Now every time you save a file, tests run automatically.

Periodic Mutation Checks¶

While pytest-watch handles the RED-GREEN-REFACTOR cycle, periodically run mutation testing:

Bash

# In another terminal, or after completing a feature
tm

Or use a keyboard shortcut in your IDE to run the full TDD cycle:

Bash

tdd  # alias for: pytest -x && pytest --gremlins --gremlin-cache -x

IDE Integration¶

VS Code¶

Create .vscode/tasks.json:

JSON

{
  "version": "2.0.0",
  "tasks": [
    {
      "label": "TDD: Run Tests",
      "type": "shell",
      "command": "pytest -x --tb=short",
      "group": "test",
      "problemMatcher": []
    },
    {
      "label": "TDD: Mutate",
      "type": "shell",
      "command": "pytest --gremlins --gremlin-cache -x",
      "group": "test",
      "problemMatcher": []
    },
    {
      "label": "TDD: Full Cycle",
      "type": "shell",
      "command": "pytest -x && pytest --gremlins --gremlin-cache -x",
      "group": "test",
      "problemMatcher": []
    }
  ]
}

Use Cmd+Shift+B (Mac) or Ctrl+Shift+B (Windows/Linux) to run tasks.

PyCharm¶

Create run configurations:

TDD: Tests - pytest -x --tb=short
TDD: Mutate - pytest --gremlins --gremlin-cache -x
TDD: Full - Compound configuration running both

Verification¶

Practice the cycle on a new feature:
Write failing test
Make it pass
Refactor
Run mutation testing
Strengthen tests if needed
Check that mutation scores stay high:

Bash

pytest --gremlins --gremlin-report=console

Over time, mutation scores should improve or stay stable

Troubleshooting¶

Mutation testing is too slow for TDD¶

Use caching and operator subsets:

Bash

# Fast check during development
pytest --gremlins --gremlin-cache --gremlin-operators=comparison -x

# Full check before committing
pytest --gremlins

Too many surviving gremlins to address¶

Focus on one at a time:

Bash

# See detailed report
pytest --gremlins --gremlin-report=html

# Address the most critical (e.g., boundary conditions) first

Prioritize:

Boundary condition mutations (>= to >)
Return value mutations (returning wrong value)
Boolean mutations (logic errors)
Arithmetic mutations (calculation errors)
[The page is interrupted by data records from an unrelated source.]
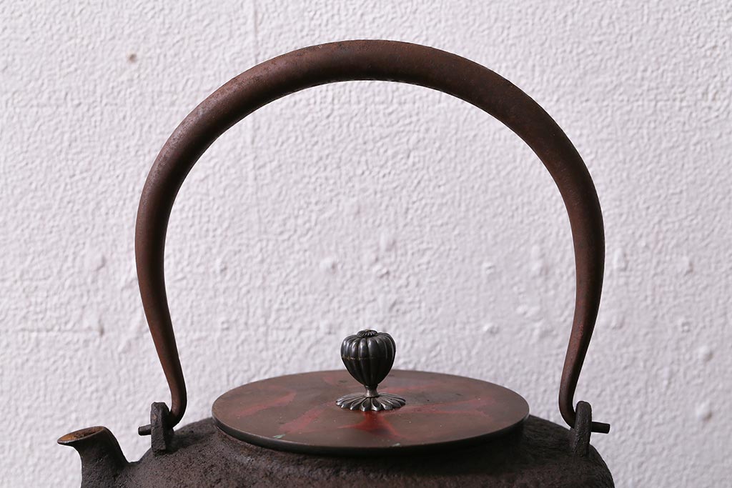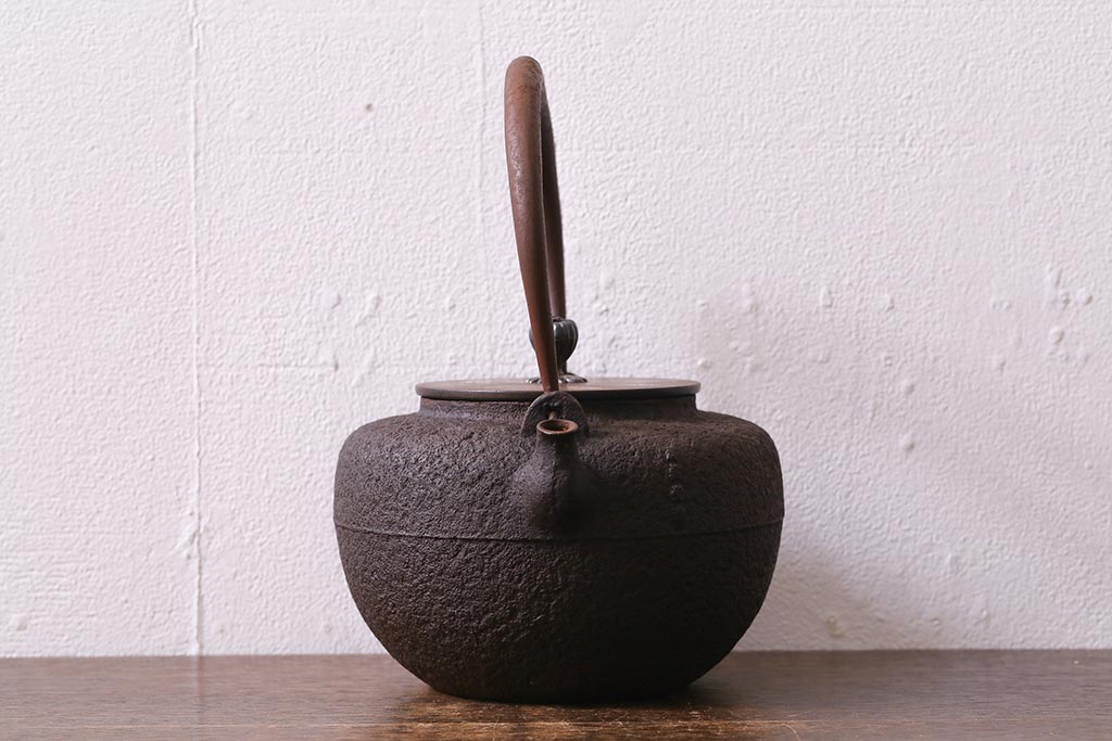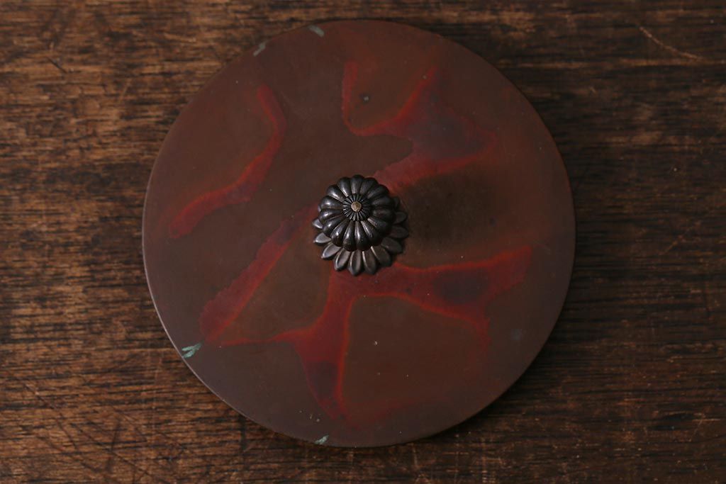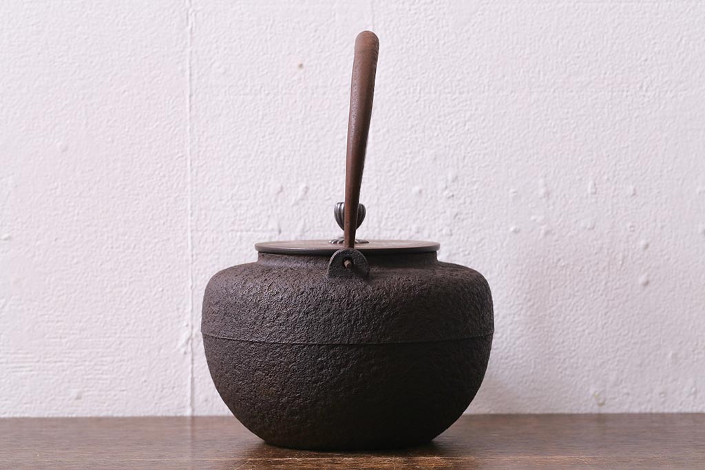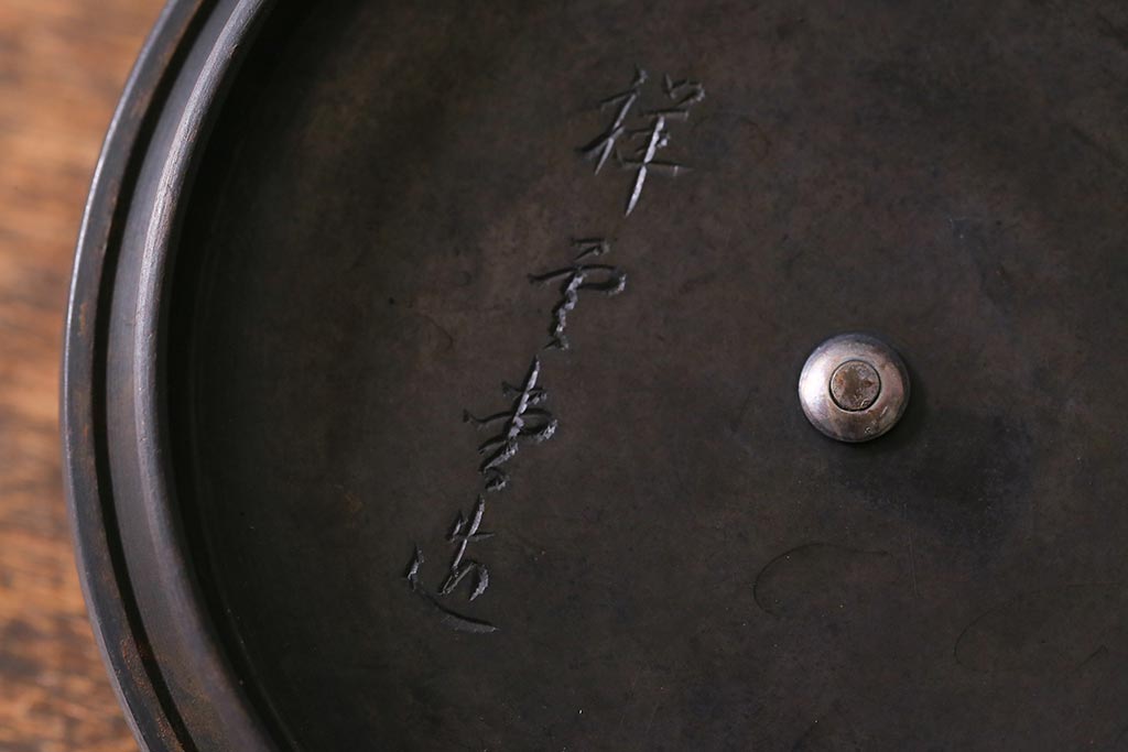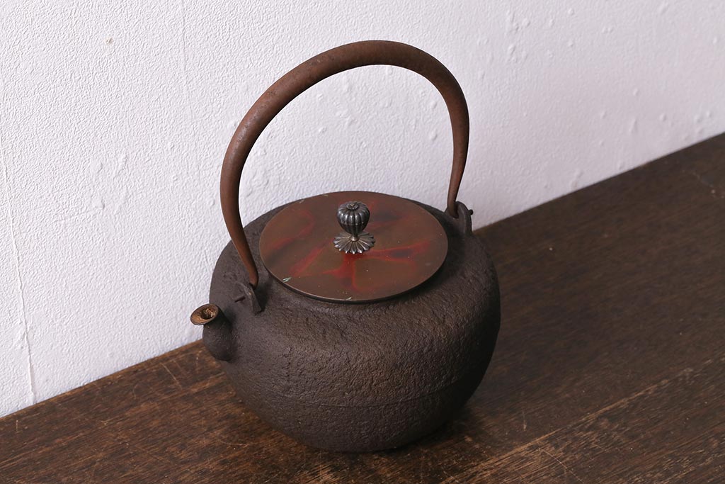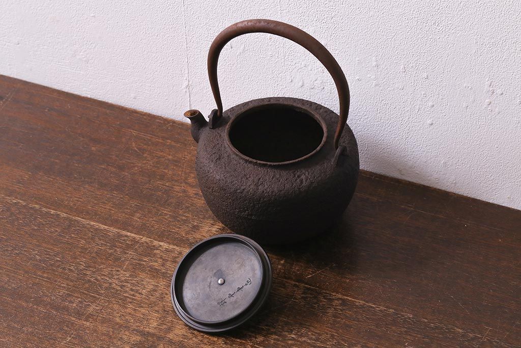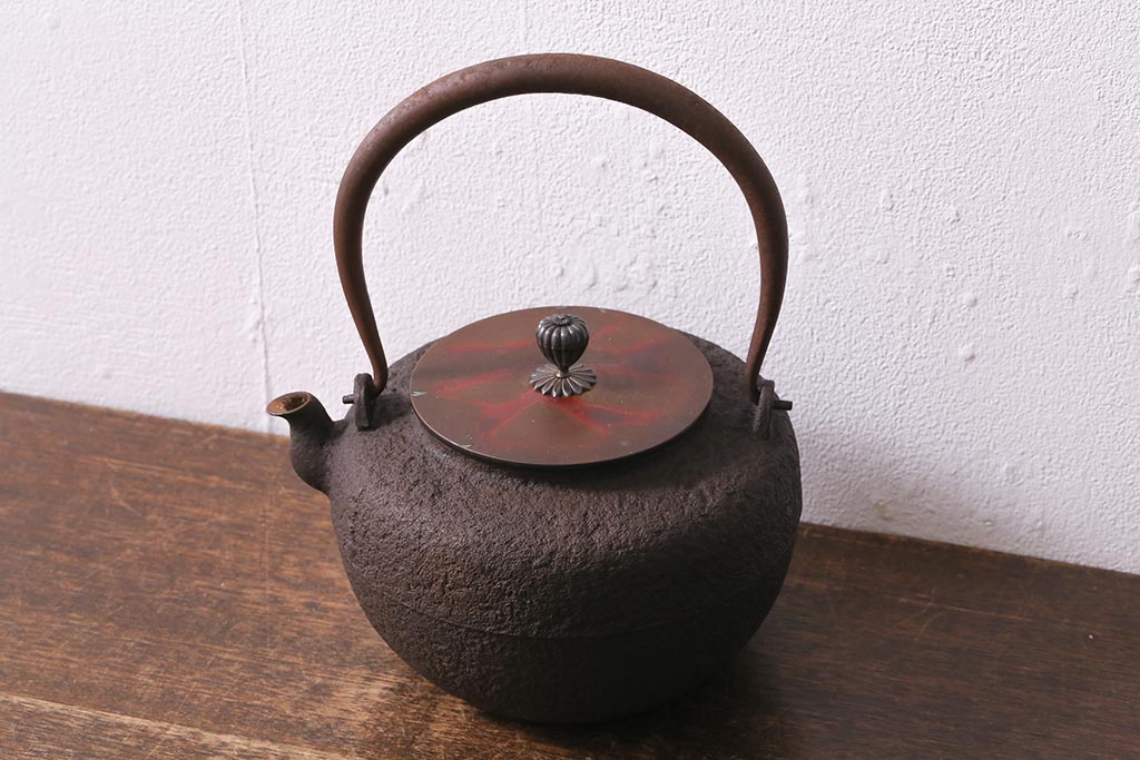 アンティーク雑貨 古民具 明治大正期 祥雪堂 造 鉄瓶(斑紫銅蓋、鉄ビン、茶道具)(R-041606)
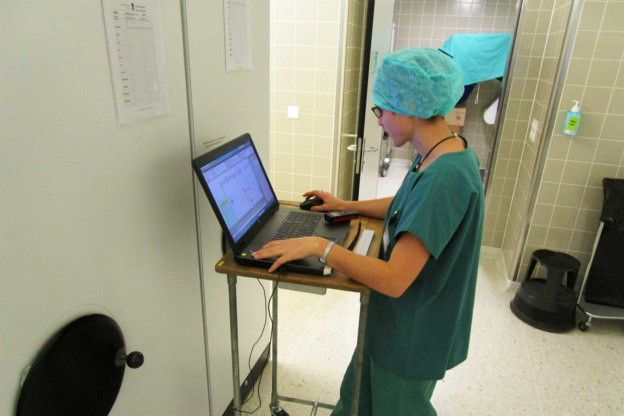 À l'hôpital universitaire de Zurich, HMQ AG a réalisé un relevé de l'ensemble de l'aile « Nord 1 », comprenant douze étages en tour et huit étages en socle. La structure des murs (maçonnerie, béton, plâtre, isolation, etc.) a été reprise des plans d'ingénierie existants et intégrée dans les relevés de HMQ AG. Chaque pièce a également été identifiée par un tampon indiquant son numéro, sa désignation, les matériaux utilisés pour le sol, les murs et le plafond, ainsi que la superficie en mètres carrés (surface brute BF, surface vitrée FF) et la hauteur de la pièce (RH) en mètres.
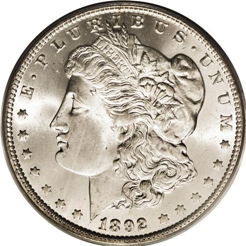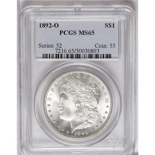 <B>1892-O<img border='0' src='http://www.heritagecoins.com/images/star.gif' width=10 height=10>$1> MS65 PCGS.</B></I> Fully lustrous with frosty silver surfaces and exceptional eye appeal. The 1892-O is a scarce date in all Mint State grades, and a rarity in Gem quality. The quality of strike adds to the overall importance of this Gem. It does not have a full strike, but it is clearly finer than most. Only five finer examples have been certified by PCGS in the non-prooflike category (8/06).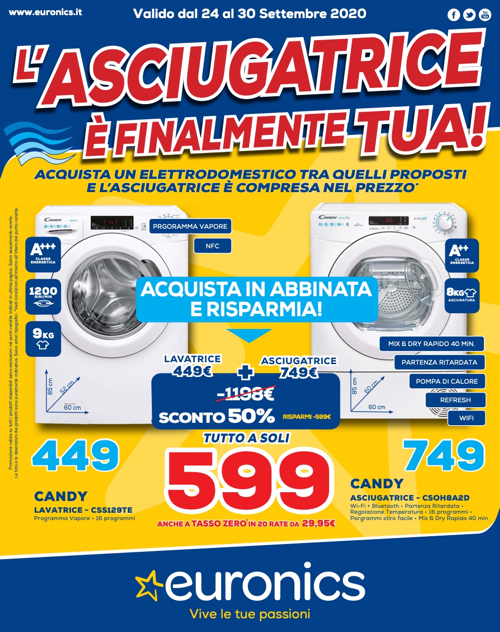 Dopo MediaWorld e Unieuro, anche Euronics rinnova il proprio catalogo di offerte e lancia il volantino L’asciugatrice è finalmente tua, che permette appunto di ricevere in regalo un’asciugatrice (NdR, il valore di mercato è i 400 e i 700 euro) acquistando uno tra gli elettrodomestici opportunamente indicati.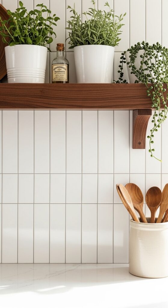 What makes it work: Rotating subway tile to a vertical stack bond orientation changes its visual character completely — the lines now draw the eye upward instead of across, adding height to any kitchen, and the pattern feels decidedly more modern and considered than the traditional horizontal brick lay. A single thick walnut shelf floating in front of the tile adds warmth and breaks the field beautifully.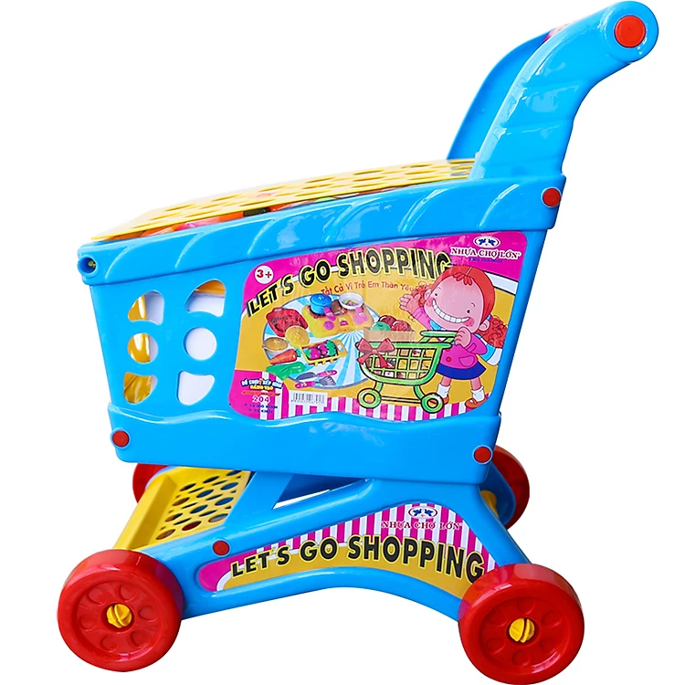Bao bì thiết kế dạng xe đẩy, giống xe đẩy hàng siêu thị, giúp bé có thể đẩy đi chơi.

Some gremlins are false positives¶

Not all surviving gremlins indicate test gaps. Some mutations are equivalent (produce the same behavior). Use pragmatic judgment:

Python

# This gremlin might survive: x = x + 0  →  x = x - 0
# Both produce the same result - not a real test gap

Mark intentional exclusions with the pardon pragma:

Python

def calculate_discount(price):
    return price * 0  # gremlin: pardon[equivalent] always zero by design

Valid reason codes are equivalent, untestable, and out_of_scope.

Best Practices¶

Run mutation testing after each feature, not each commit
TDD cycle: seconds
Mutation check: tens of seconds to minutes
Start with high-value mutations
Comparison operators catch boundary bugs
Boolean operators catch logic errors
Don't chase 100% mutation score
85-95% is excellent
Some equivalent mutations are unavoidable
Use mutation testing to learn
Surviving gremlins teach you about edge cases
Over time, you'll write stronger tests naturally
Integrate with code review
Share mutation reports in PRs
Discuss surviving gremlins with teammates